Edit: The petition just passed 250k.
The problem with the twist is that the writers seem to confuse foreshadowing with character development. While it might've been foreshadowed, at no point does it seem plausible that Daenarys as built up in this show have gone fully genocidal for no reason. Dany in the show has always had a violent side, but at the same time the writers have always written her as a generally good person. It's a thing they have very deliberately done to get that 'shock value' moment in this latest episode, as even in the latest episode you have Dany claiming 'our mercy for future generations is our strength', yet she completely handwaves this away three scenes later where she kills all these future generations.

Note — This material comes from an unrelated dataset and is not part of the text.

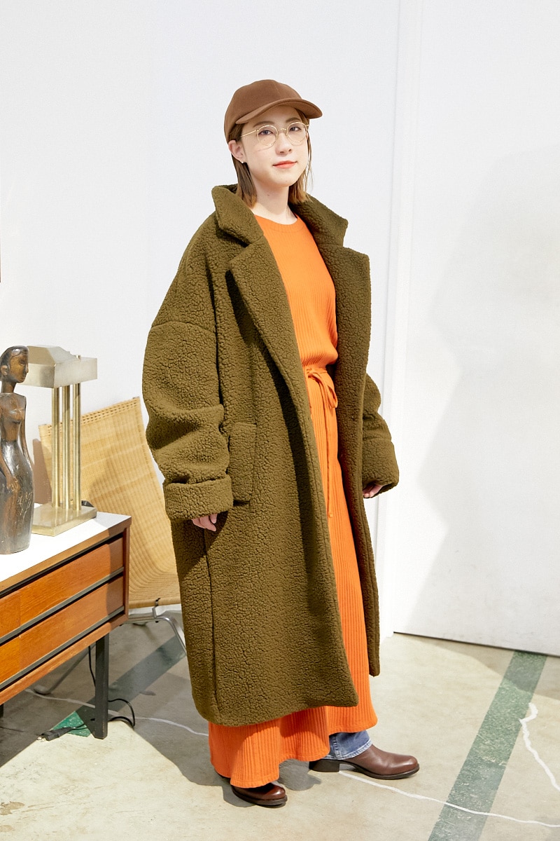 「BASERANGE(ベースレンジ)」の色が鮮やかなワンピースをメインに、全体的にアースカラーでまとめました。足元からデニムが覗かせて、カジュアルダウンしたのもポイント。

And while you could say "Well, she lost all people dear to her", that happened in the two episodes before the episode where she went crazy and once again, there was no reason to assume that she wouldn't just attack Cersei out of revenge and instead target everyone in the city but Cersei. This is somehow made even worse by the Inside the Episode where D.B. Weiss confirms that Dany only decided to go on her genocidal rampage after the city has already surrendered, somehow making her seeing the Red Keep the defining factor.
An easy comparison can be made with the way Harry Potter's Snape twist was handled. Alan Rickman was told very early on by J.K. Rowling that her plan for Snape was that he wasn't the villain he seemed to be, this allowed Rickman to play Snape with a bit of a mysterious edge. GRRM apparently told D&D very early that Dany would burn the city and go 'mad' (something that is more obvious in the books), yet D&D kept writing Dany as the saviour of the innocents and poor. Emilia Clarke apparently also wasn't told until this season that this was the way her character would go, which made her acting also seem very earnest, at no point would anyone assume Dany as played in the last seasons is balancing on the edge of being sane and good or a total maniac.
The worst thing is that even within this last episode the twist could've made narrative sense. What if she had gone straight to the Red Keep and had burned all the people crowded in front of and in the Red Keep because they were in the way between her and Cersei and she was just so crazed by revenge that she didn't care for collateral? That would've been way better than her murdering innocent men, women and children just because.